Kostas Bratsos

Personal information
- Full name: Konstantinos Bratsos
- Date of birth: 26 April 1977 (age 49)
- Place of birth: Volos, Greece

Team information
- Current team: Volos (manager)

Managerial career
- Years: Team
- 2016–2017: Olympiacos Volos (assistant)
- 2017: Olympiacos Volos
- 2020–2021: Volos (assistant)
- 2021: Volos (caretaker)
- 2021: Volos (assistant)
- 2021–2022: Volos (caretaker)
- 2022: Volos (assistant)
- 2022–2023: Volos
- 2024: A.E. Kifisia
- 2024: AC Oulu
- 2024–2025: Volos
- 2025: Athens Kallithea
- 2026–: Volos

= Kostas Bratsos =

Greek manager

Konstantinos Bratsos (Κώστας Μπράτσος; born 26 April 1977) is a Greek professional football manager and former player. He is the current manager of Super League club Volos.

==Managerial career==
Konstantinos Bratsos successfully graduated from the UEFA PRO Coaching School. His first coaching experience was with the Aisonia Academy, followed by the Agia Paraskevi Academy in Volos.
In 2009, he led the senior team of Agia Paraskevi to the First Division of the EPS Thessaly Championship and remained there until 2010, with the team playing a leading role. He returned to Agia Paraskevi in October 2018 in an upgraded role as Technical Director of the Academies, serving until June 2020.

Between 2010 and 2018, he coached several historic teams of the Magnesia region: AE Diminiou, Sarakinos, Dimitra of Exinoupolis, and after a stint with the B team (U20) of Niki Volos, he returned to AE Diminiou in 2015.
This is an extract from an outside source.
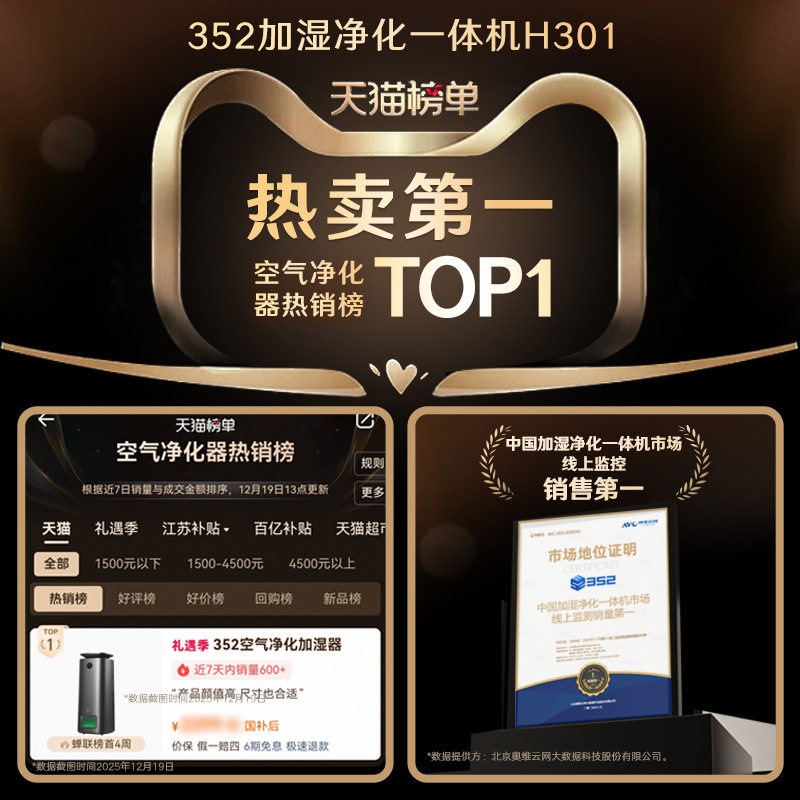 352空气加湿净化器一体机H301卧室内家用宠物母婴级除甲醛多规格

In 2016, he made a significant step forward in his coaching career by joining Olympiacos Volos, initially as Assistant Coach and later as Head Coach in the Gamma Ethniki (Third Division), where he reunited with his former player at Sarakinos, Jonathan Vaitsi, who was then Technical Director. He remained in this role until the end of 2017, recording 5 wins, 6 draws, and 3 losses.

From August 2020 until November 2023, he was an integral part of the coaching staff of Volos NFC, serving both as Assistant and Head Coach under the presidency of the Mayor of Volos, Achilleas Beos, and with Technical Director Akis Petrou. Bratsos was also the direct assistant of Spanish coach Angel Lopez, with specific responsibilities in opponent analysis and set-piece preparation, contributing to the team’s successful run in the Greek Super League.

On 30 January 2024, Bratsos was officially announced as the new Head Coach of A.E. Kifisia. He remained at Kifisia until 31 May 2024, recording 4 wins, 4 draws, and 4 losses.

On 19 June 2024, Bratsos was officially appointed as Head Coach of Finnish side AC Oulu, staying with the club until September 2, 2024. His record with AC Oulu was 5 wins and 7 losses. He is the first Greek coach in the history of Finnish football and notably achieved a historic home victory against the eventual league champions KuPS, with a 1–0 scoreline.

On 13 November 2024, he returned to Volos NFC and remained until February 23, 2025, with a record of 4 wins, 2 draws, and 8 losses, including two impressive away victories in Thessaloniki against Aris (0–1) and PAOK (1–2).

On 25 June 2025 Bratsos was officially announced as the new Head Coach of Athens Kallithea

On 14 October 2025, Bratsos left Athens Kallithea by mutual consent, having been in charge for eight matches in all competitions.

On 10 February 2026, he was appointed head coach of Volos for the third time, replacing Juan Ferrando. On 22 March 2026, on the final matchday of the regular season, Volos came from behind to beat PAOK 2–1 with a stoppage-time winner in the fifth minute of added time, a result that secured the club's participation in the Super League Greece play-offs for places 5–8 and kept it in contention for a European ticket.

On 4 June 2026, Volos announced that Bratsos would remain in charge for the 2026–27 season, with a restructured technical staff.